• _Brief_
Please copy the lines below, exactly as they are, from the one with "Where's Grampa? Wasn't" through the one with "Jinzhongbao solid wood", and leave out the pictures.

• _Entries shown_
------------------------------------

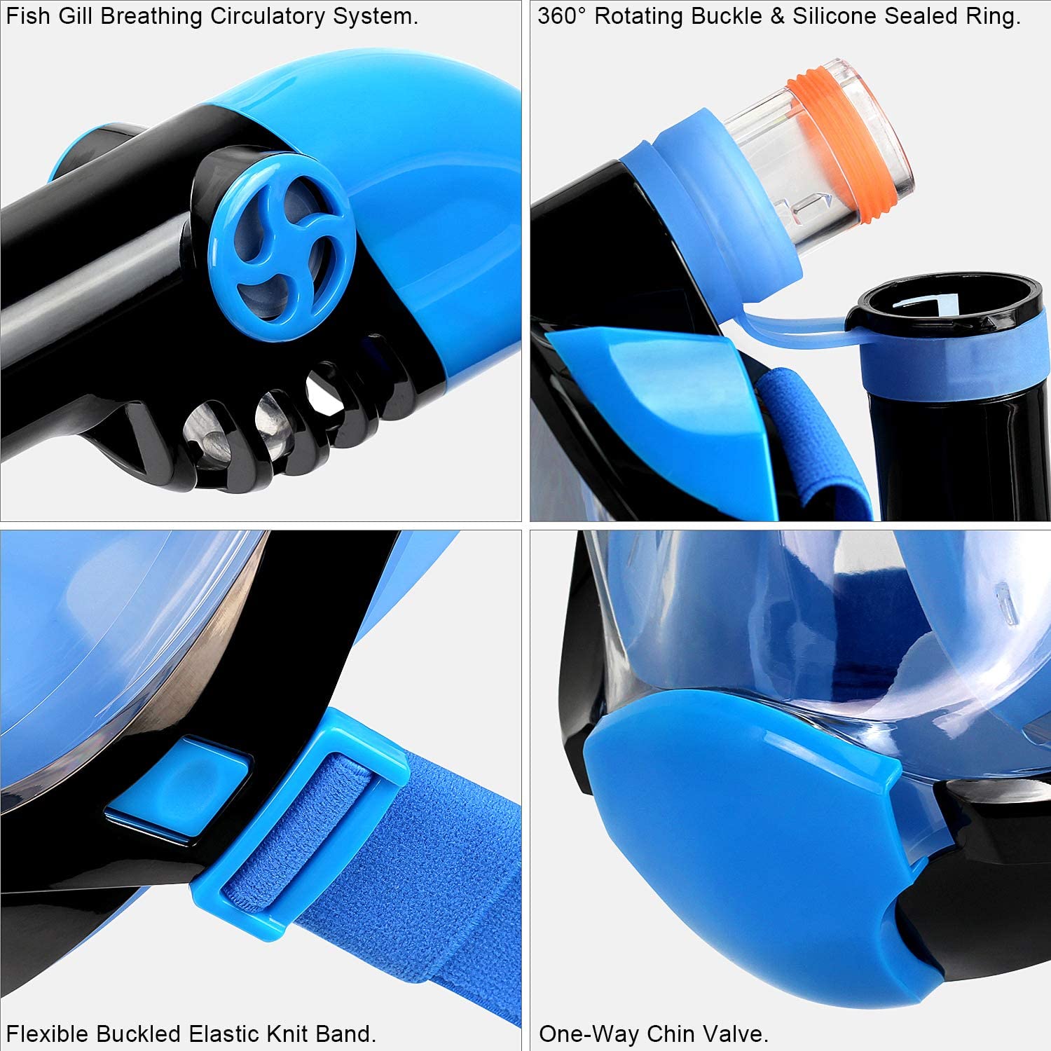 OUSPT Tüm Yüz Maske Şnorkel Set (S, Mavi/Siyah)
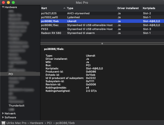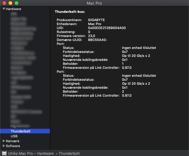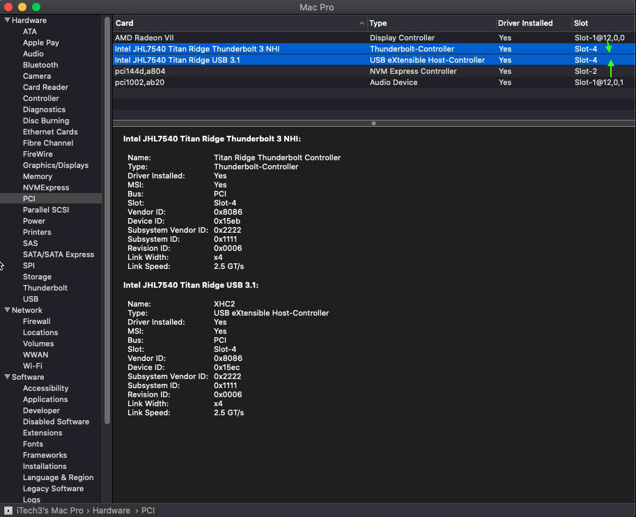 Seen as follow: 40gb/s x1 seen by the system slot 4 but also 3. Impossible also to mount drives etc etc even rebooting to recovery twice nada nothing i can't get a thunderbolt cable connected to a SSD drive as well
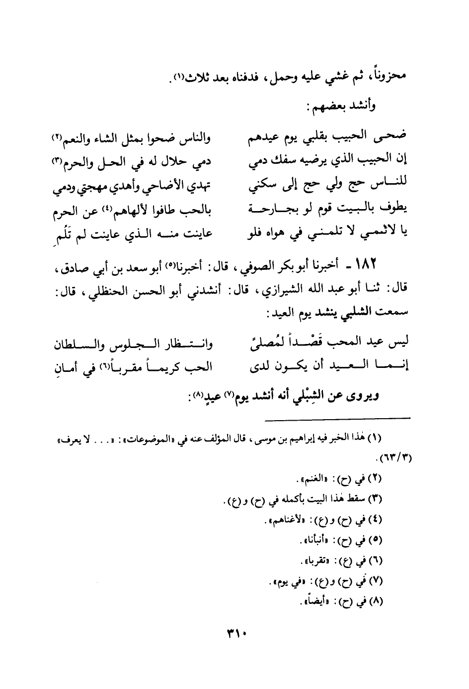 182- أخبرنا أبو بكر الصوفي، قال: أخبرنا أبو سعد بن أبي صادق، قال: ثنا أَبُو عَبْدِ اللَّهِ الشِّيرَازِيُّ، قَالَ: أَنْشَدَنِي أَبُو الحسن الحنظلي، قال: سمعت الشلبي ينشد يوم العيد:
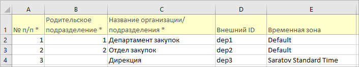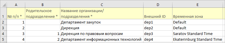 Для подразделения обязательные поля: “№ п/п”, “Родительское подразделение” (если подразделение корневое, то данное поле оставить пустым), “Название организации/подразделения”.
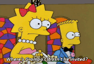 Where's Grampa? Wasn't he invited? Yeah, but his reply envelope... just had a check to the gas company in it.
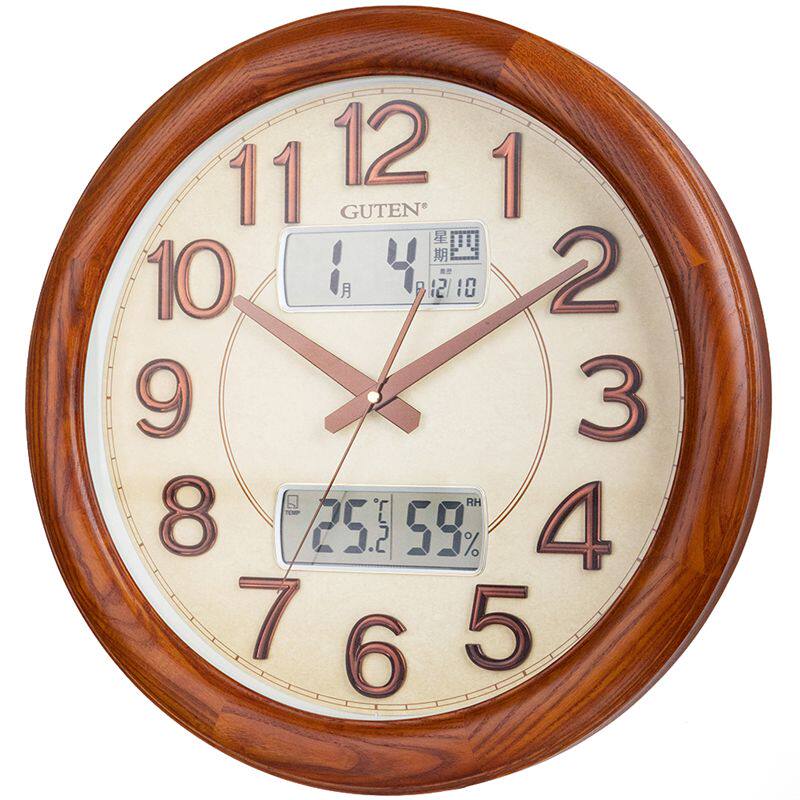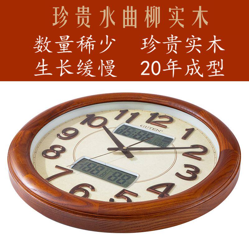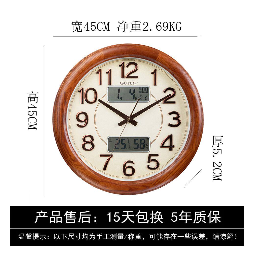 Jinzhongbao solid wood LCD living room wall clock Chinese European-style temperature and humidity meter calendar large wall watch mute quartz clock
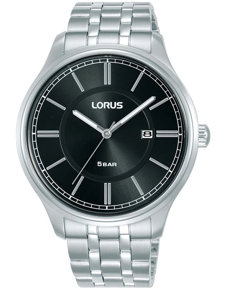 The Lorus RH947PX-9 is a classic looking all-day gents quartz watch featuring a black dial, stainless steel case and bracelet and mineral crystal glass. Features include, Stainless steel case and bracelet, Black dial, 50m water resistant, 42mm case size, Mineral crystal glass and Date display.
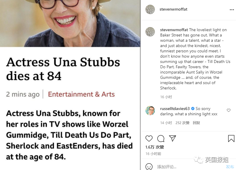 “夏洛克”本尼迪克特·康伯巴奇第一时间表达了对Una的悼念:
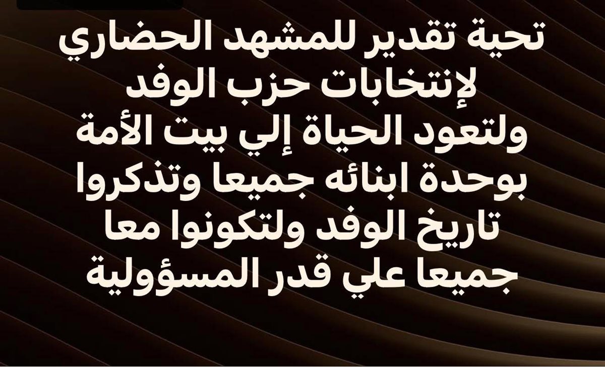 وقال خالد أبو بكر: تحية تقدير للمشهد الحضاري لإنتخابات حزب الوفد ولتعود الحياة إلي بيت الأمة بوحدة أبنائه جميعًا".
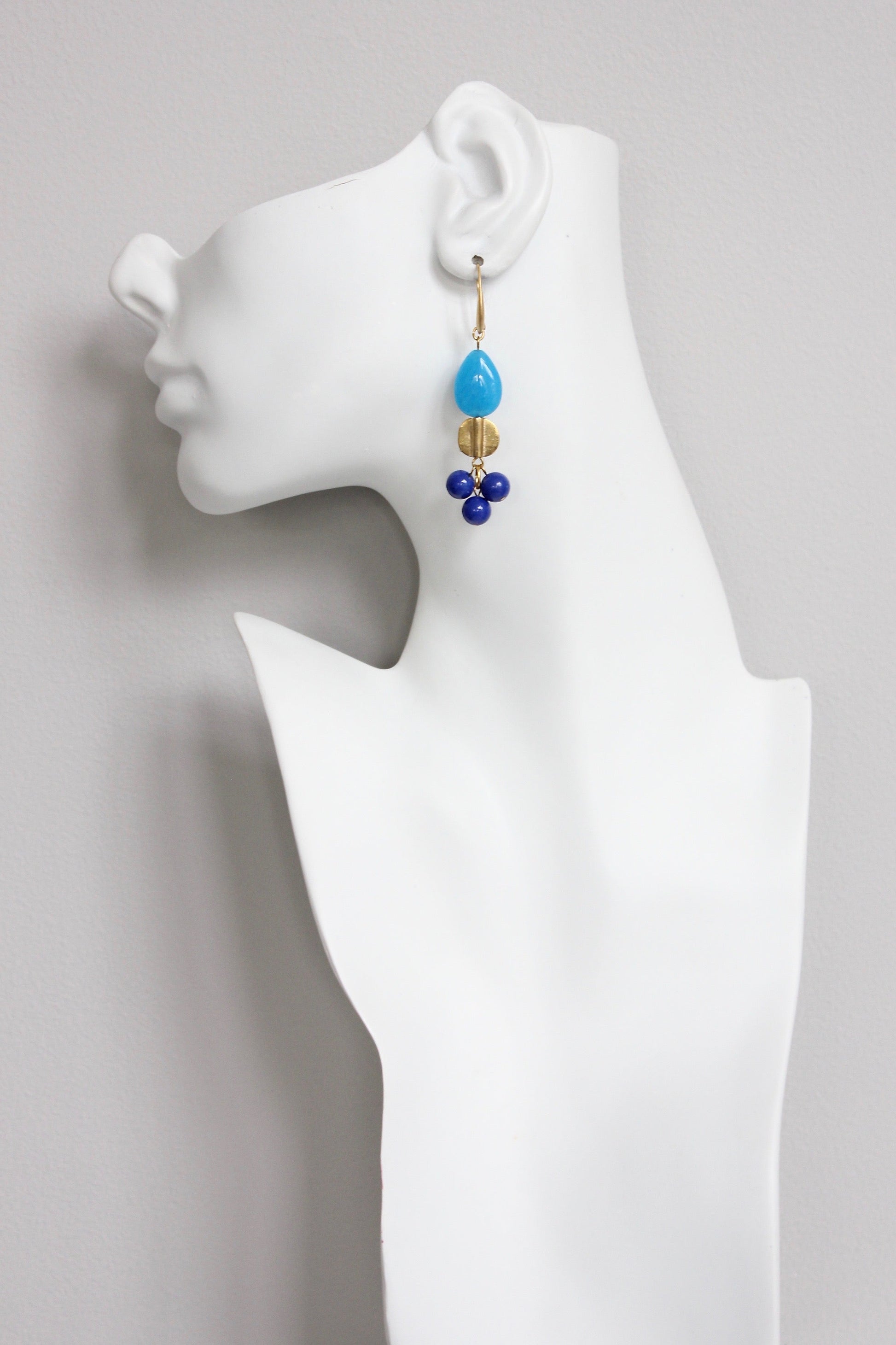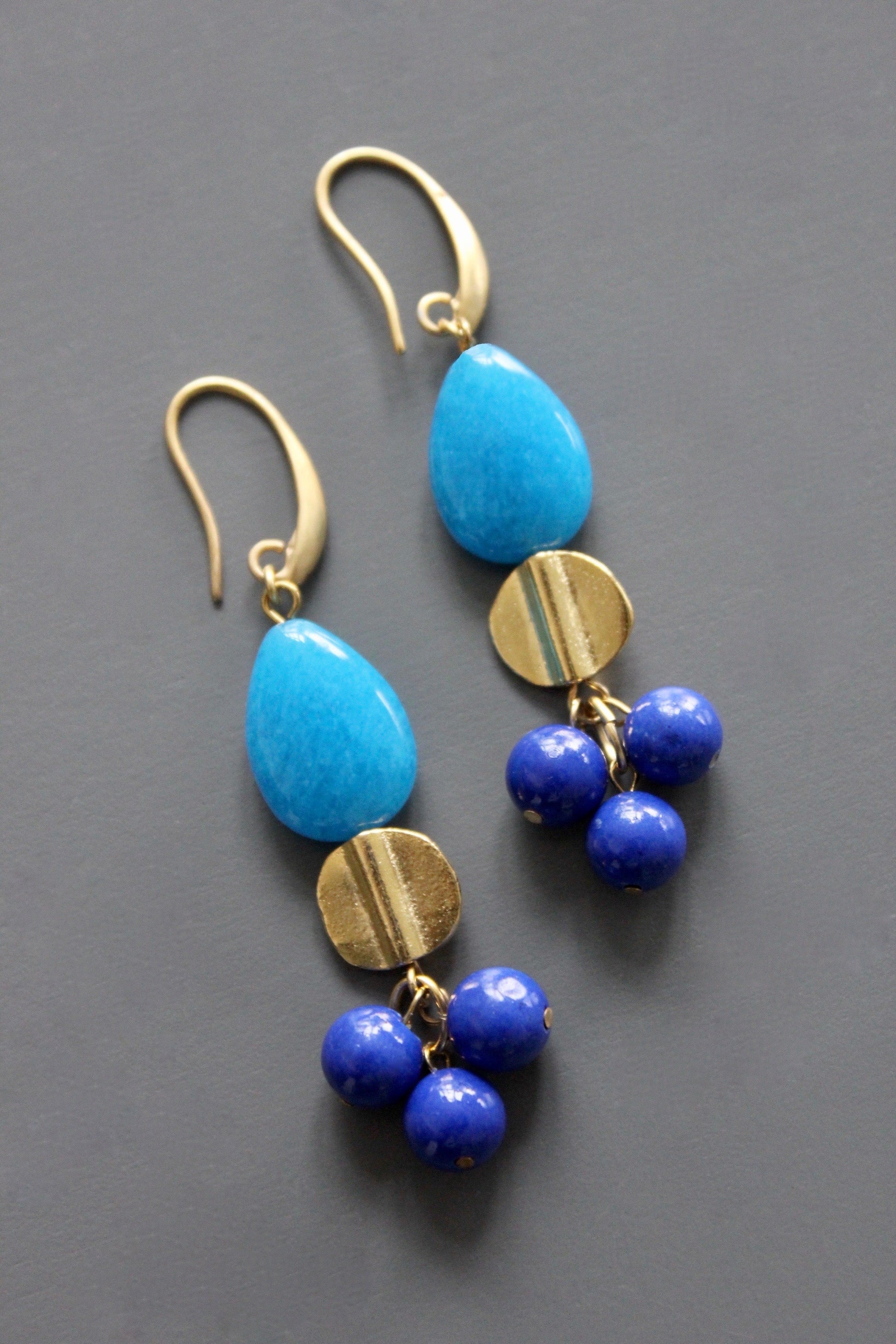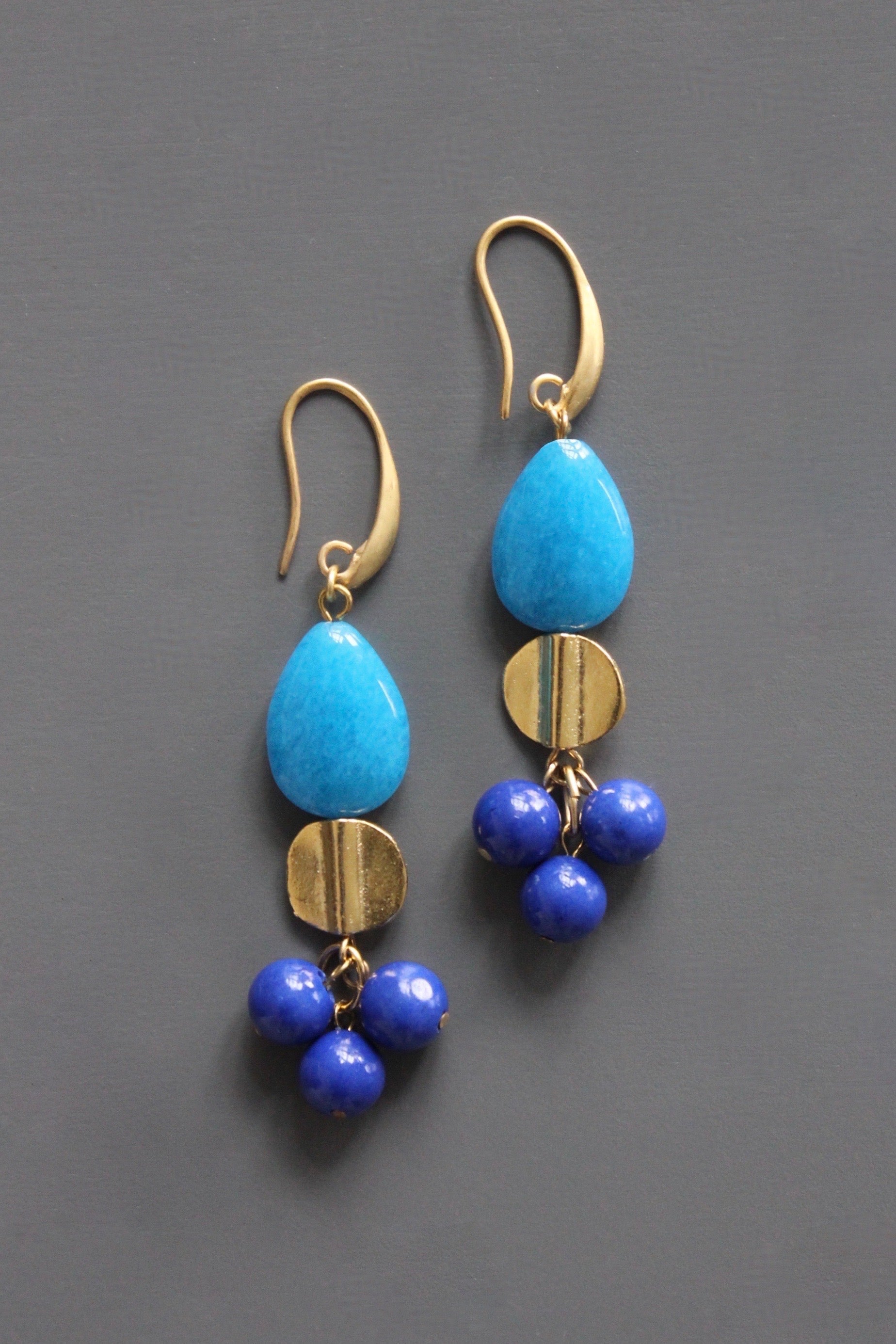 18k gold plated brass hook earrings with dyed jade, brass, and glass. Each pair weighs .44 oz. and measures 2.75 inches long.

------------------------------------

• _Response to the exercise_
 Where's Grampa? Wasn't he invited? Yeah, but his reply envelope... just had a check to the gas company in it.
 Jinzhongbao solid wood LCD living room wall clock Chinese European-style temperature and humidity meter calendar large wall watch mute quartz clock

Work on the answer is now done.